How to post a list to Spring Data Rest?

Jim C picture Jim C · Jul 13, 2015 · Viewed 9.3k times · Source

I followed this example, which allows to post a unique Person object. I want a REST service where I can post a collection of Person at once, e.g. a list/any collection named Team with numerous Person objects in just one call.

I mean, my question is not exactly about the OneToMany relationship, where you send each person in a REST request. This topic is well answered.

I want to send a collection of Person objects taking advantage of @RepositoryRestResource or another feature from Spring Data Rest. Is this possible with Spring Data Rest or should I workaround by creating a controller, receive the list and parse the Team list to insert each Person?

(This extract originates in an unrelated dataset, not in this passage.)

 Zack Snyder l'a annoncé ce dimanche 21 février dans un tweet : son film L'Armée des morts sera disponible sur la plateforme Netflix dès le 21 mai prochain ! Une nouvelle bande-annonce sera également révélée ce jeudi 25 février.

I found this feature request, which seems to answer that nowadays Spring Rest Data is missing what I am looking for, but I am not sure.

In my business requirement, application A will post a list of orders to application B and I have to save it in database for future processing, so, after reading about Spring Data Rest and making some samples, I found its clean architecture amazing and very suitable for my requirement except for the fact that I didn't figure out how to post a list.

Answer

user1685095 picture user1685095 · Nov 26, 2015

Well, AFAIK you can't do that with spring data rest, just read the docs and you will see, that there is no mention about posting a list to collection resource.

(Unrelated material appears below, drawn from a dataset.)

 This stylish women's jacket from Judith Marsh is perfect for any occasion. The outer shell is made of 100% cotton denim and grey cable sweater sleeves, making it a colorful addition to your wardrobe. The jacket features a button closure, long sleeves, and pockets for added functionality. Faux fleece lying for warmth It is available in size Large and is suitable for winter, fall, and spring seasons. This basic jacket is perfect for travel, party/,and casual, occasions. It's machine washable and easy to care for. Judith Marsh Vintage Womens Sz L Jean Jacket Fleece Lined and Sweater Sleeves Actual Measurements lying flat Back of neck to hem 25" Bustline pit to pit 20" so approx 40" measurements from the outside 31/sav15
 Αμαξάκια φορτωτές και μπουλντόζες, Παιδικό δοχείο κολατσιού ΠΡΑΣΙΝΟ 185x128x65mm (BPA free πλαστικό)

The reason for this is unclear to me, but for one thing - the REST itself doesn't really specify how you should do batch operations. So it's unclear how one should approach that feature, like should you POST a list to collection resource? Or should you export resource like /someentity/batch that would be able to patch, remove and add entities in one batch? If you will add list how should you return ids? For single POST to collection spring-data-rest return id in Location header. For batch add this cannot be done.

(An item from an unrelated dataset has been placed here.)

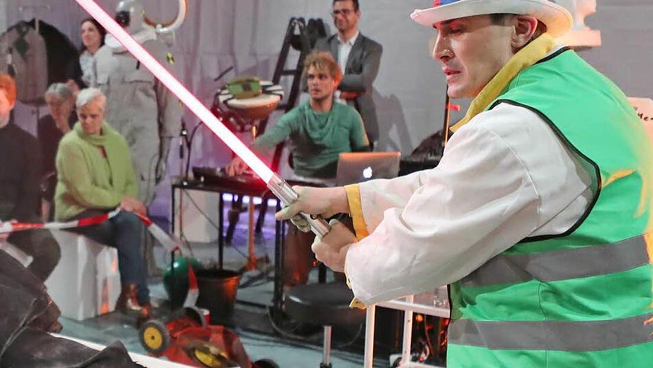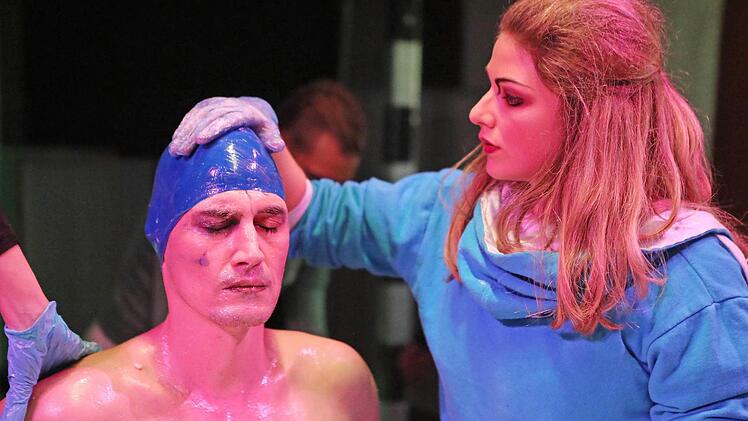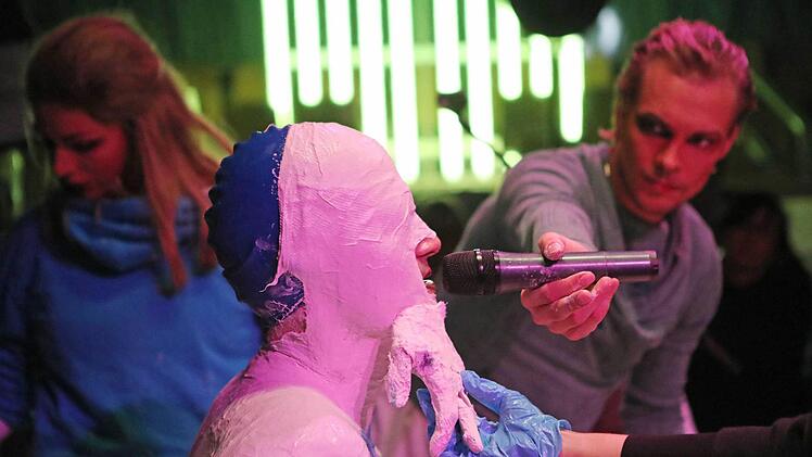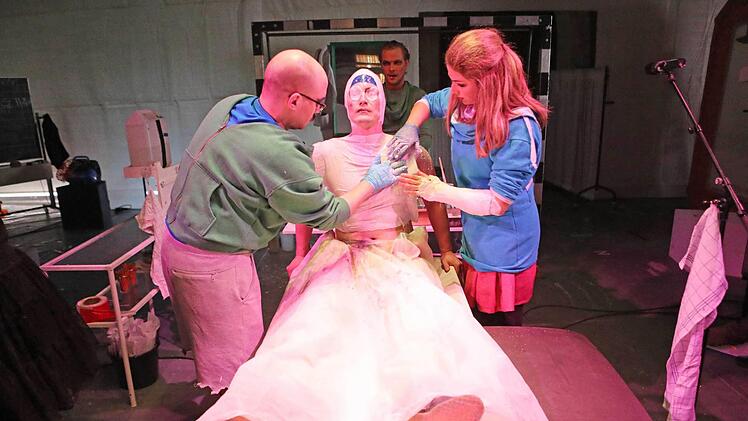 Zugelassen sind ohnehin nur 60, mehr passen nicht zwischen den Seziertisch mit erschreckenden Menschenresten aus Pappmaché, zwischen Maschinen, Kompressor, kalten Lichtern, Körpertestvorrichtungen und Synthesizer. Von dem aus steuert Oliver Baesler den einnehmenden Klangraum, denn folgerichtig werden Jelineks Texte auch zu klanglichen Mustern in klangatmosphärischen Räumen, vom quersprecherischen Durcheinander in chorische Wucht.

That doesn't justify that spring-data-rest is missing batch operations. They should implement this IMHO, but at least it can help to understand why are they missing it maybe.

What I can say though is that you can always add your own Controller to the project that would handle /someentity/batch properly and you can even probably make a library out of that, so that you can use it in another projects. Or even fork spring-data-rest and add this feature. Although I tried to understand how it works and failed so far. But you probably know all that, right?

There is a feature request for this.